Give back the records below exactly, every one, with no pictures.
○ ○ ○ ○
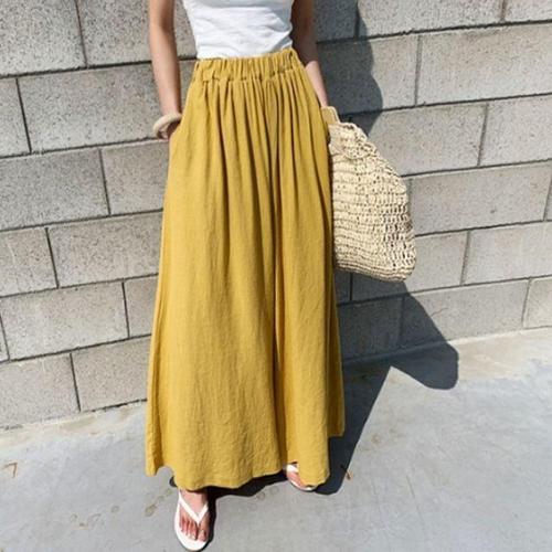 [셀러허브_여성트랜드패션]여름 린넨 허리밴딩 와이드팬츠 치마바지
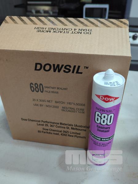 6 X CARTONS (20 UNITS EACH) OF 300 G DOWSIL 680 SANITARY SEALANT, NEUTRAL CURE. COLOUR: PALE BEIGE. USE BY: NOV.2022
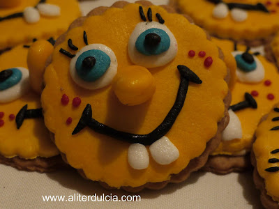 Como podréis comprobar, el fondant no es lo mío, ni domino la técnica ni me pertrecho con los utensilios necesarios, uso el "método manual", ese que consigue unas cinco primeras galletas, llamémosles pasables, y unas cinco últimas en las que uno ya no distingue a Bob Esponja de Benjamin Roosevelt.
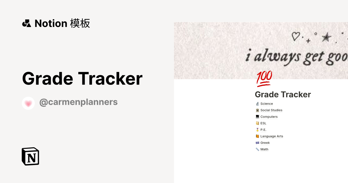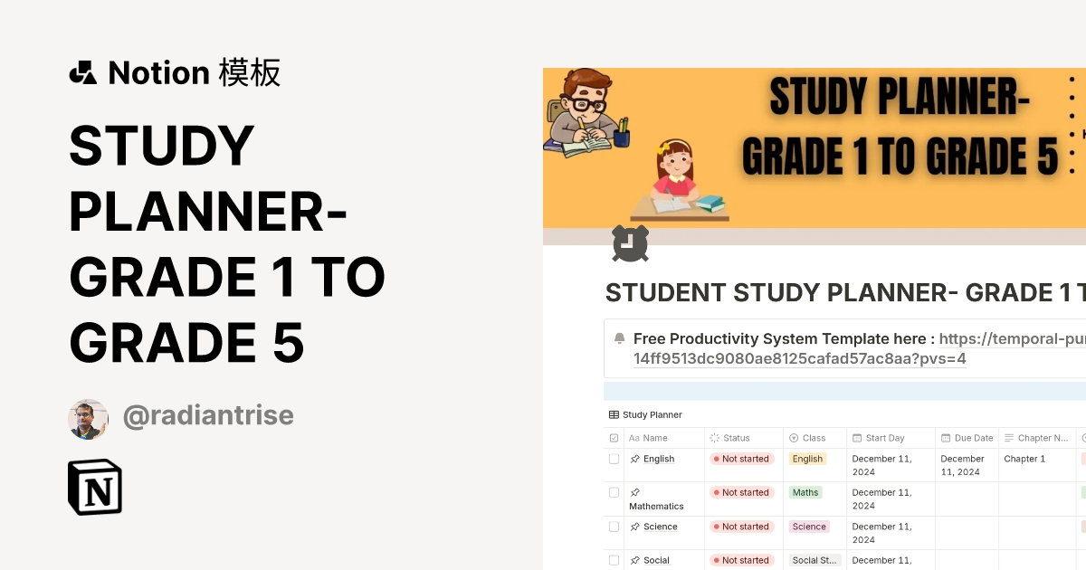 STUDY PLANNER- GRADE 1 TO GRADE 5 模板 | Notion 市集
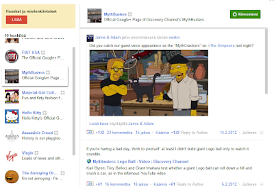 Kirjoitin aiheesta postauksen englanniksi ja sain kuin sainkin haukut niskaan, tosin 'vanhoilta konkareilta' joista kukaan ei kyllä ole piireissäni tai edes tunne kirjoitustyyliäni, saatikka aiheitani. Eniten heitä tuntui ärsyttävän se, että otin kantaa G+ "julkkisten" satoihin mitäänsanomattomiin yksitavuisiin täytelmiin. He tuntuvat olevan vapaata riistaa: Robert Scoble, Guy Kawasaki, Christina Trapolino ja muut.
○ ○ ○ ○
* _Response_:
 [셀러허브_여성트랜드패션]여름 린넨 허리밴딩 와이드팬츠 치마바지
 6 X CARTONS (20 UNITS EACH) OF 300 G DOWSIL 680 SANITARY SEALANT, NEUTRAL CURE. COLOUR: PALE BEIGE. USE BY: NOV.2022
 Como podréis comprobar, el fondant no es lo mío, ni domino la técnica ni me pertrecho con los utensilios necesarios, uso el "método manual", ese que consigue unas cinco primeras galletas, llamémosles pasables, y unas cinco últimas en las que uno ya no distingue a Bob Esponja de Benjamin Roosevelt.
 STUDY PLANNER- GRADE 1 TO GRADE 5 模板 | Notion 市集
 Kirjoitin aiheesta postauksen englanniksi ja sain kuin sainkin haukut niskaan, tosin 'vanhoilta konkareilta' joista kukaan ei kyllä ole piireissäni tai edes tunne kirjoitustyyliäni, saatikka aiheitani. Eniten heitä tuntui ärsyttävän se, että otin kantaa G+ "julkkisten" satoihin mitäänsanomattomiin yksitavuisiin täytelmiin. He tuntuvat olevan vapaata riistaa: Robert Scoble, Guy Kawasaki, Christina Trapolino ja muut.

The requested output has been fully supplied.